### What you should do
Omitting the pictures, output all of the records precisely as written.

### The records
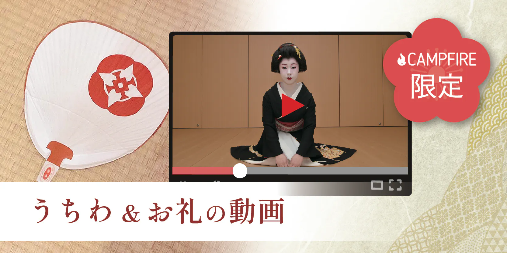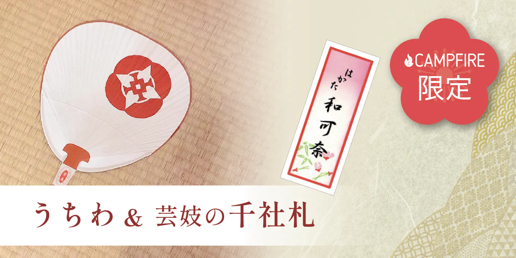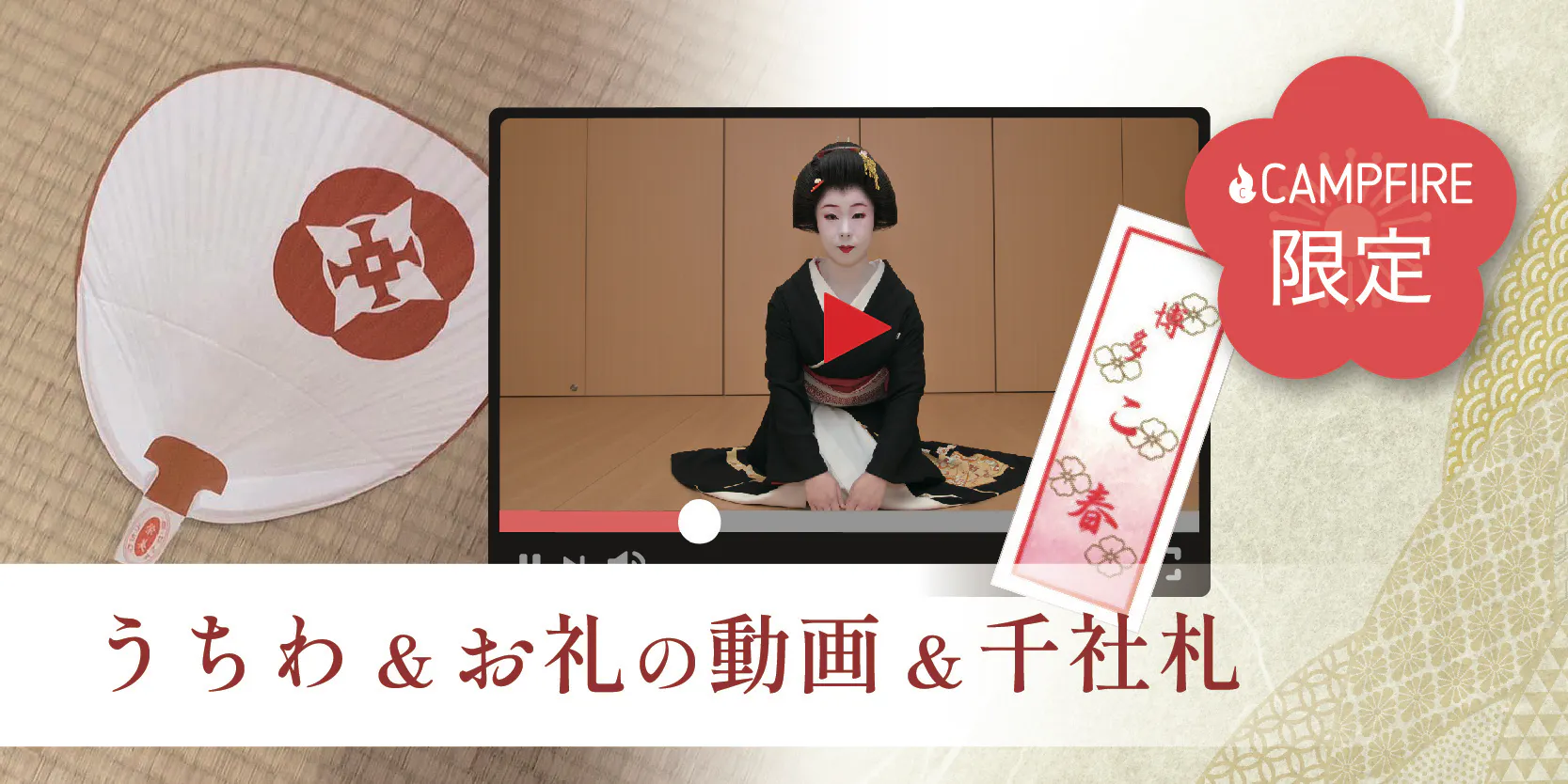 100,000円 【ただただ応援プラン】お礼の動画+博多券番オリジナル団扇+芸妓の千社札
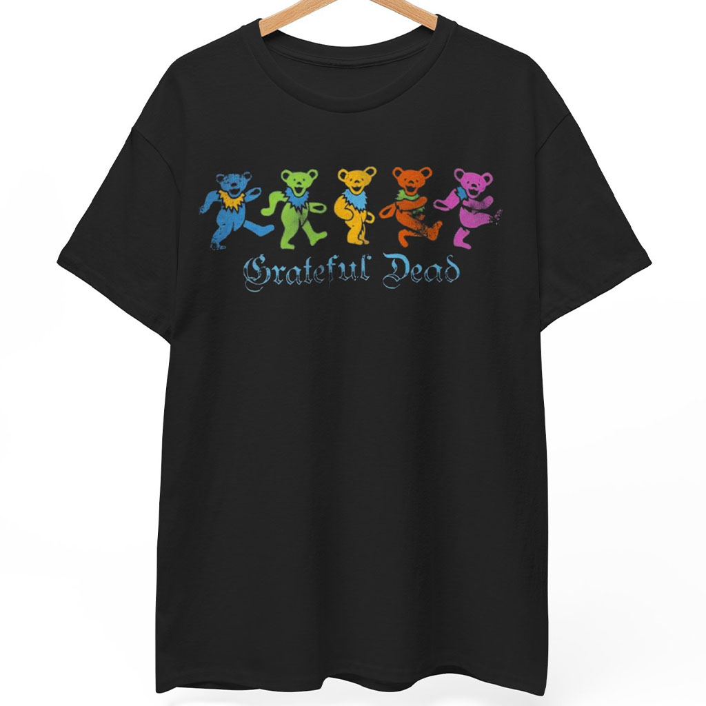 Introducing the Vintage Grateful Dead Dancing Bears Gothic Text Rare Shirt, a true testament to the iconic and beloved Dancing Bears imagery in the world of Grateful Dead fandom. This distinctive shirt showcases five vibrant Dancing Bears, each adorned in a unique color palette of blue, green, yellow, orange, and pink, each captured in their own joyful dance poses.
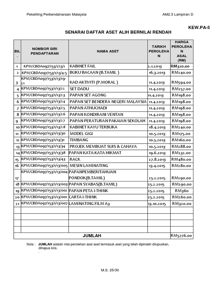 Kew Pa 3 Daftar Aset Alih Yang Bernilai Rendah Jlk9x1gxx545
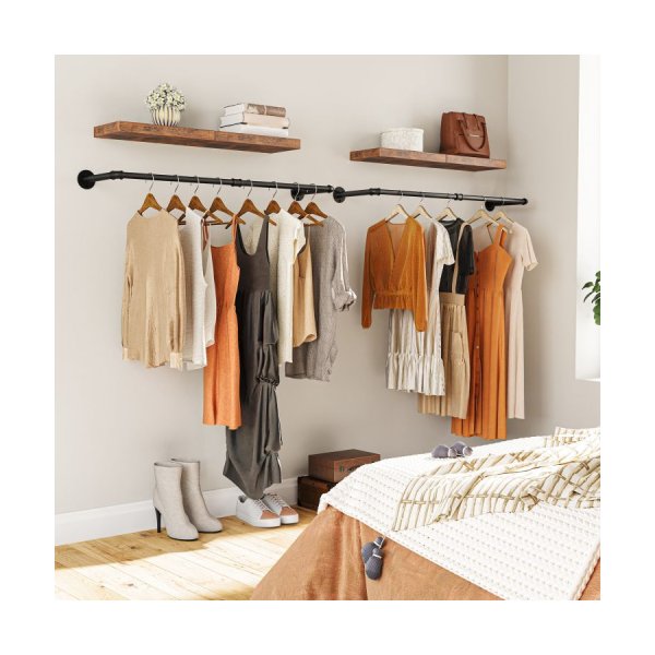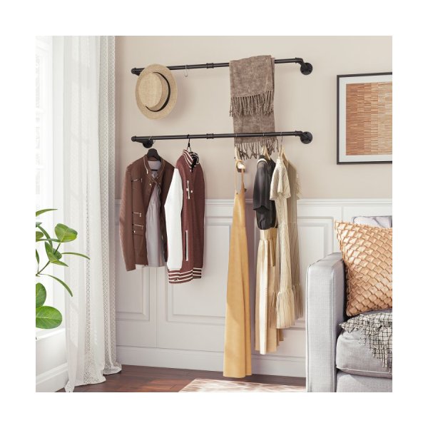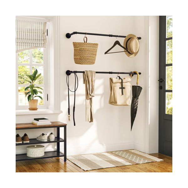 Perfecte maat: deze kledingrail is 64 cm lang, de afstand tussen muur- en kledingrail is 25 cm, biedt voldoende ruimte om uw rommel netjes en netjes op te hangen en heeft een laadcapaciteit van 30 kg per kledingrek
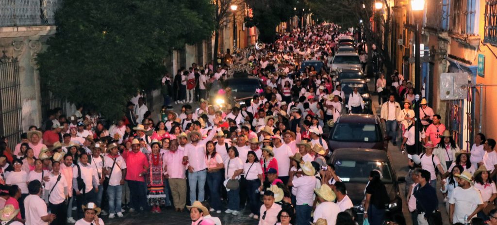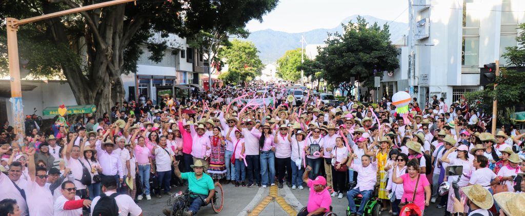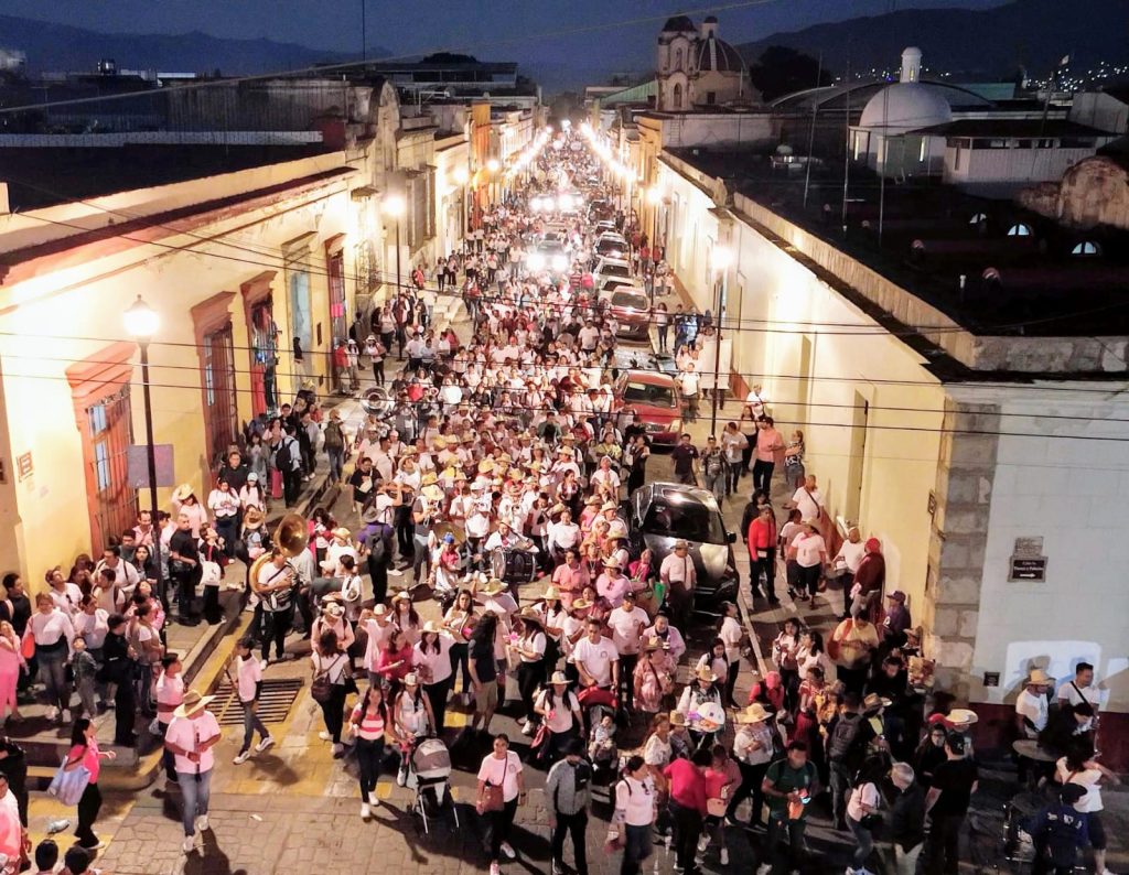 En el marco de las festividades del “Día del empleado” 2024, más de siete mil trabajadores ratificaron su confianza en el #ProyectoRosa, al portar algún distintivo de este color en la tradicional calenda que partió del edificio del Stpeidceo hacia la Basílica de nuestra Señora de la Soledad.
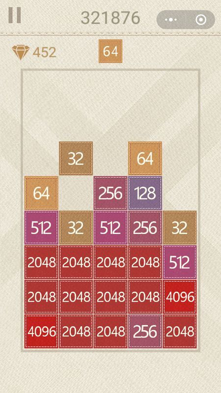 因为这个游戏是块落下之后,合并结果是可以确定的,所以高级玩家应该会有利用横排合并的组合式的合并方式,就是落下一块,直接连续消除一大片,然后合成一个超大数。
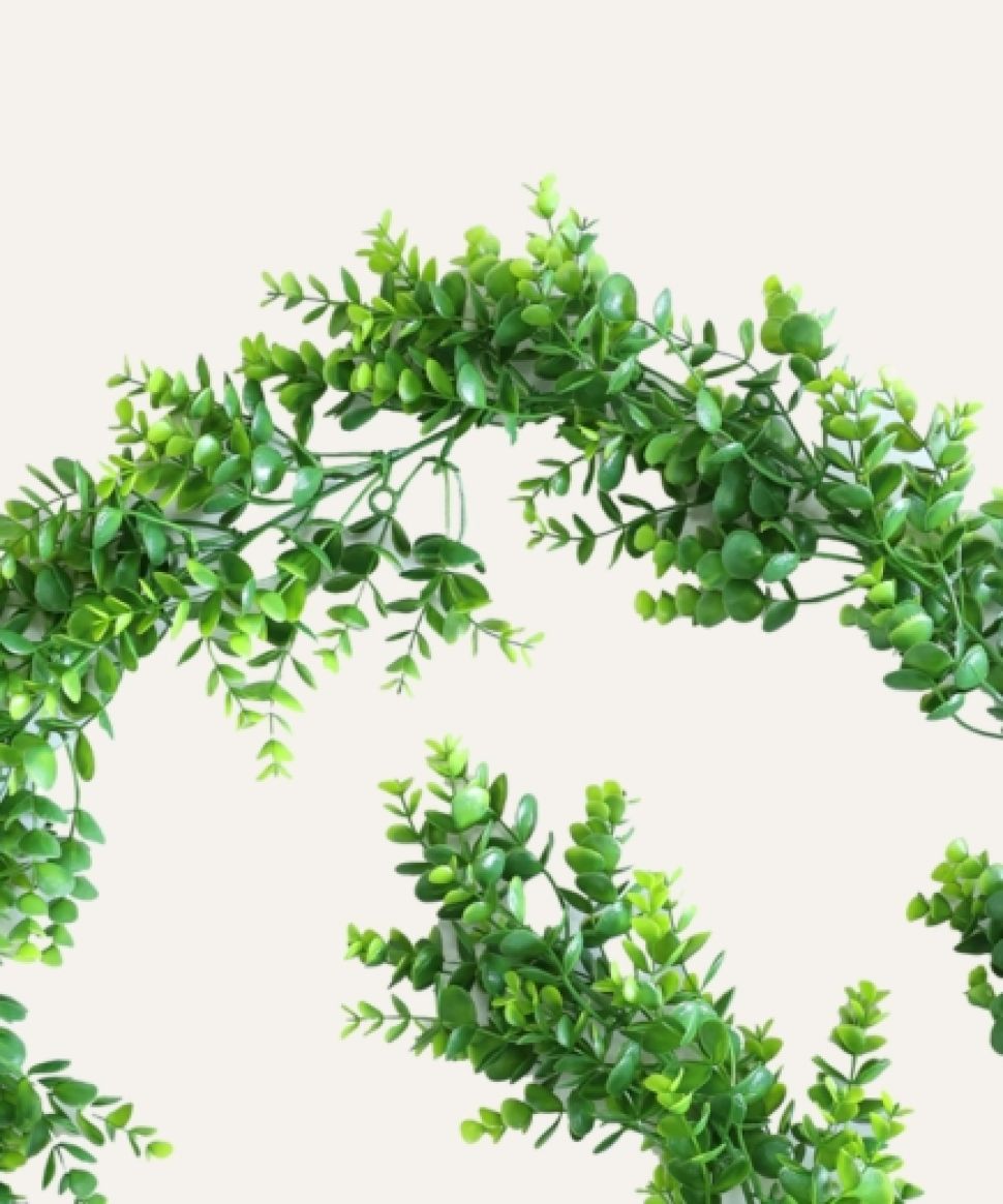 Ideal para hoteles, oficinas, comercios y proyectos contract, la guirnalda de eucalipto artificial combina funcionalidad y estética, creando ambientes acogedores y visualmente atractivos.

### Solution for this exercise
 100,000円 【ただただ応援プラン】お礼の動画+博多券番オリジナル団扇+芸妓の千社札
 Introducing the Vintage Grateful Dead Dancing Bears Gothic Text Rare Shirt, a true testament to the iconic and beloved Dancing Bears imagery in the world of Grateful Dead fandom. This distinctive shirt showcases five vibrant Dancing Bears, each adorned in a unique color palette of blue, green, yellow, orange, and pink, each captured in their own joyful dance poses.
 Kew Pa 3 Daftar Aset Alih Yang Bernilai Rendah Jlk9x1gxx545
 Perfecte maat: deze kledingrail is 64 cm lang, de afstand tussen muur- en kledingrail is 25 cm, biedt voldoende ruimte om uw rommel netjes en netjes op te hangen en heeft een laadcapaciteit van 30 kg per kledingrek
 En el marco de las festividades del “Día del empleado” 2024, más de siete mil trabajadores ratificaron su confianza en el #ProyectoRosa, al portar algún distintivo de este color en la tradicional calenda que partió del edificio del Stpeidceo hacia la Basílica de nuestra Señora de la Soledad.
 因为这个游戏是块落下之后,合并结果是可以确定的,所以高级玩家应该会有利用横排合并的组合式的合并方式,就是落下一块,直接连续消除一大片,然后合成一个超大数。
 Ideal para hoteles, oficinas, comercios y proyectos contract, la guirnalda de eucalipto artificial combina funcionalidad y estética, creando ambientes acogedores y visualmente atractivos.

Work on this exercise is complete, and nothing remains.